How one umpire retiring can change the entire face of baseball!

By , 03:11 AM

Three veteran umpires are retiring this year - Chuck Meriweather, Mike Reilly, and Jerry Crawford.  So how is this going to impact the game, you may ask?  Good question!

Crawford has one of the smallest strike zones among all umpires - not THE smallest, but among the top 3 (or so). 

How much does his small strike zone affect run scoring.  About .3 runs per game that he umps (behind the plate of course).

A full time ump is behind the plate for about 35 games a year (although last year, he only did 25 for some reason), or 1.44% of all games.  So assuming that Crawford’s games are replaced by umpires with an average zone (actually ever-so-slightly larger, now that he is gone), run scoring overall will decrease by around .004 rpg, not an insignificant amount.

Do you think that that is more or less than the impact of baseball losing Adam Wainwright?  Assuming that he is replaced by a replacement pitcher, and he would have thrown 200 innings, the NL gains around 44 runs or .034 rpg, or a .018 rpg for both leagues combined, which is almost 5 times the value of losing Crawford, in the other direction of course.

Adding the loss of Strasburg (and replacing him with a replacement pitcher), the NL gains another 50 runs or so, or .038 rpg in the NL and .021 rpg overall in MLB.
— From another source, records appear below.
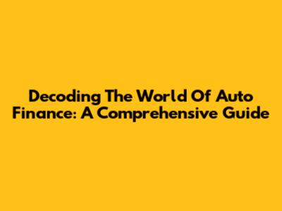 Decoding The World Of Auto Finance: A Comprehensive Guide
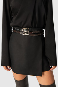 Thin semi patent and nappa leather adjustable belt with an interlaced construction, finished with a custom metal hook buckle closure. DETAILS - Thin leather adjustable belt - Interlaced leather construction - Custom metal hook buckle closure - Made in Bulgaria SIZE AND FIT XS (65 cm) S (75 cm) M (85 cm) L (95 cm) XL (105 cm) Width: 12 mm
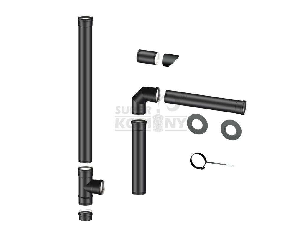 Sada obsahuje nerezové roury, povrchová úprava černý komaxit, vnitřní průměr 80 mm a je přímo určena k odvodu spalin pro peletová kamna.
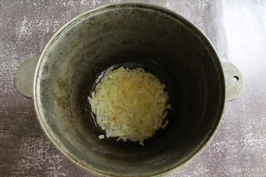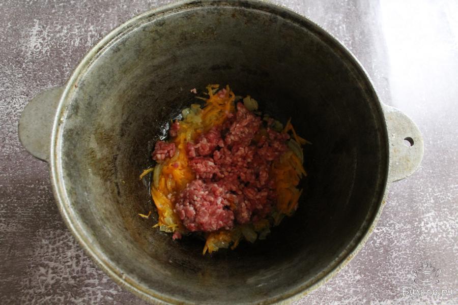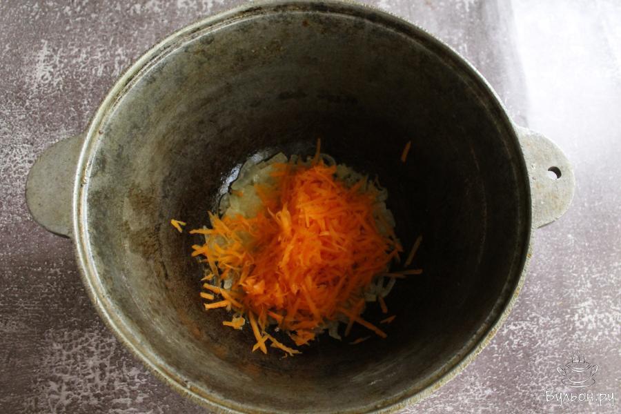 3. Тыкву почистить, промыть и натереть на крупной терке. Добавить тыкву в казан и обжарить все вместе пару минут. Помешивать.
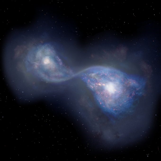 Artist’s impression of the merging galaxies B14-65666 located 13 billion light-years away. Credit: NAOJ.
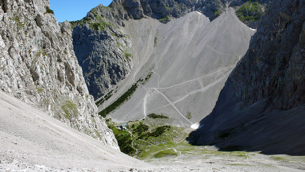 Das Dammkar mit der Hütte. Unmittelbar hinter der Hütte der Predigtstuhl.
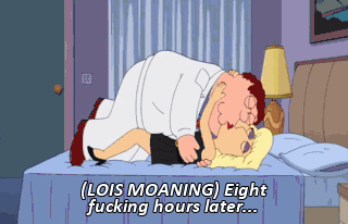 (LOIS MOANING) Eight fucking hours later... Oh, I got to say, I was fantastic.
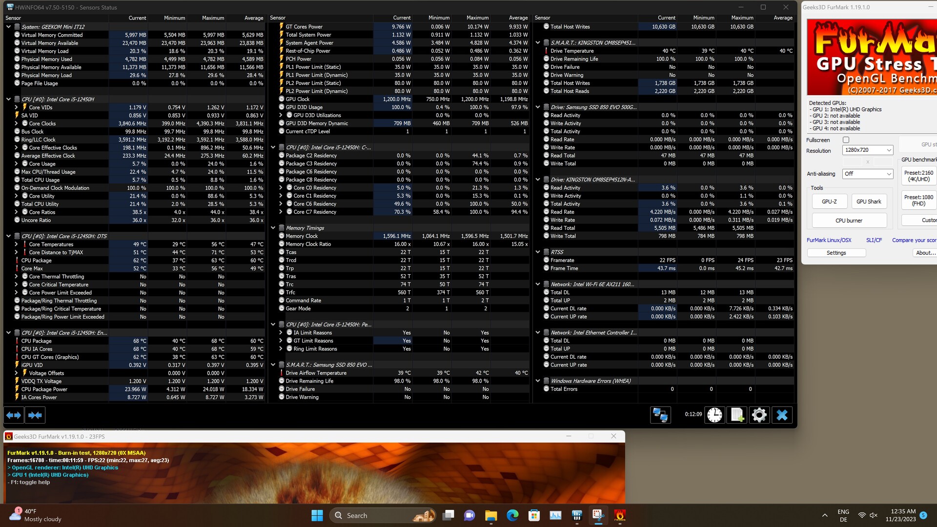 | Geekom Mini IT12 i5-12450H, UHD Graphics 64EUs | Geekom Mini IT12 i7-1260P, Iris Xe G7 96EUs | Intel NUC 13 Pro Kit NUC13ANK i7-1360P, Iris Xe G7 96EUs | Minisforum Mars Series MC560 R5 5600U, Vega 7 | Intel NUC 12 Pro Kit NUC12WSKi7 i7-1260P, Iris Xe G7 96EUs | Minisforum Venus Series UN1245 i5-12450H, UHD Graphics 64EUs | NiPoGi CK10 i5-12450H, UHD Graphics 64EUs | |

Of course, I am cherry-picking Strasburg and Wainwright (but not Crawford, really).  Each year, MLB loses and gains good and bad pitchers and batters and in the long-run, it is a net zero (actually, both pitchers and batters probably get slightly better each year, offsetting one another so that run scoring stays about the same, barring other changes in one direction or another).
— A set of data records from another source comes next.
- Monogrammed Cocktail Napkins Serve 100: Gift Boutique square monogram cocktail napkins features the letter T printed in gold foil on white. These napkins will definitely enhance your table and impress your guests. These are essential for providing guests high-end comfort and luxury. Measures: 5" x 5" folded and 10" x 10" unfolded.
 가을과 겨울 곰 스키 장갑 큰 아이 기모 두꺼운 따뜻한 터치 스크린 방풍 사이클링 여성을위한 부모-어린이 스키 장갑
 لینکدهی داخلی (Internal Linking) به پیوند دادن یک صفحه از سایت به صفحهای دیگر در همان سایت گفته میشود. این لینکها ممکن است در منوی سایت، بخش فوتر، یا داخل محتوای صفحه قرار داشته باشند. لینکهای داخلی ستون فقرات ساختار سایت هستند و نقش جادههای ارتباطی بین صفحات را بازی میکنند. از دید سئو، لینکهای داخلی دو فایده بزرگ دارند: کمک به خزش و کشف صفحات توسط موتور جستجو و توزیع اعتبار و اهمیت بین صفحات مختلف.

Anyway, I thought this was a fun thought.


#1    JD      (see all posts) 2011/02/24 (Thu) @ 10:16

The only bad part about this post is that the name “Joe West” was not among the list of retiring umpires.

I don’t know how much run scoring will change when West goes away forever, but I know the “How Awesome is Baseball” scale will go up about eleventy billion points. That guy is so much worse for the game than any steroid ever could be.
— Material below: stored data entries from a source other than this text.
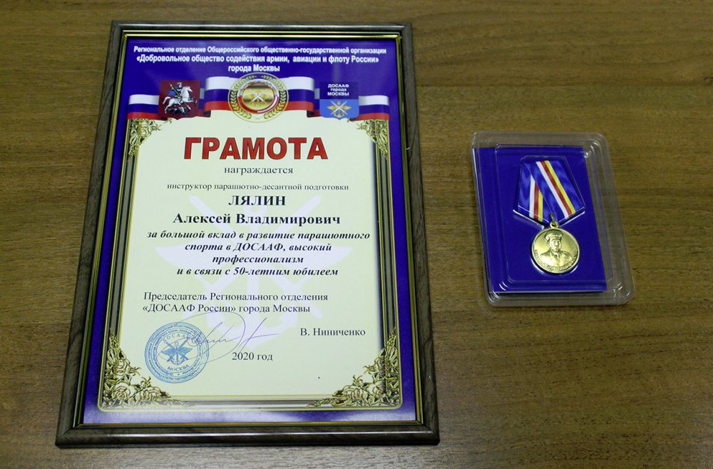 21 декабря 2020 года Председатель ДОСААФ города Москвы В.И. Ниниченко наградил инструктора Московского городского Аэроклуба ДОСААФ А.В. Лялина памятной медалью и грамотой за вклад в развитие парашютного спорта.
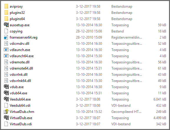 These are the files and folder of VirtualDub FilterMOD. For 32bit Windows I assume you can delete the folder "plugins64" and the files "vdub64.exe", "VeeDub64.exe"and "VeeDub64.vdi". I assume as well you can delete the folder "plugin32" and the files "vdub.exe", "VirtualDub.exe" and "VirtualDub.vdi".
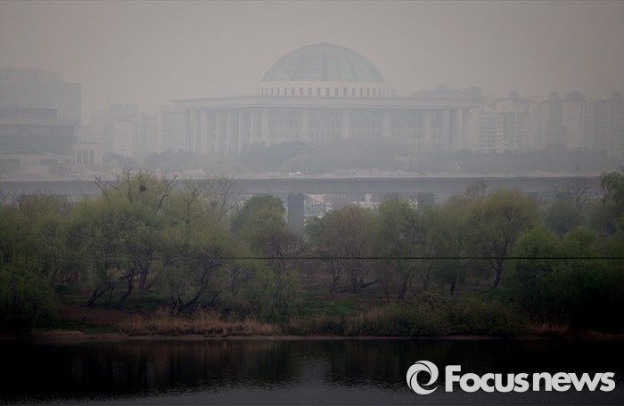 (서울=포커스뉴스) 제 20대 국회의원 선거 투표가 시작 된 13일 오전 서울 마포구 서강대교 북단에서 안개에 둘러싸인 국회가 보이고 있다.

#2    MGL      (see all posts) 2011/02/24 (Thu) @ 14:57

It would not be humanly possibly for everyone in any profession to be “all good.”


#3    stevebogus      (see all posts) 2011/02/24 (Thu) @ 15:07

I wonder how much umpire hirings/dismissals/retirements have affected baseball over the years? Baseball began having 4 umpires crews for each game in 1952, but the game began with just one umpire trying to call everything. Two-umpre crews were the norm from 1912 until the early 1930s. Back then if an umpire had a nonstandard strike zone it would have had a much greater effect on the league.

Also, there must have been times when the hitting talent “got ahead” of the pitchers and vice versa. I’m thinking specifically of 1920 when an entire generation of pitchers suddenly had to learn how to pitch all over again. Anyone who relied primarily on scuffing the ball for movement was in troublem, and if you threw the spitter in the minors you wouldn’t be allowed to use it in the big leagues. The strikeout rate in the 1920s was lower than any other period since the foul strike rule began.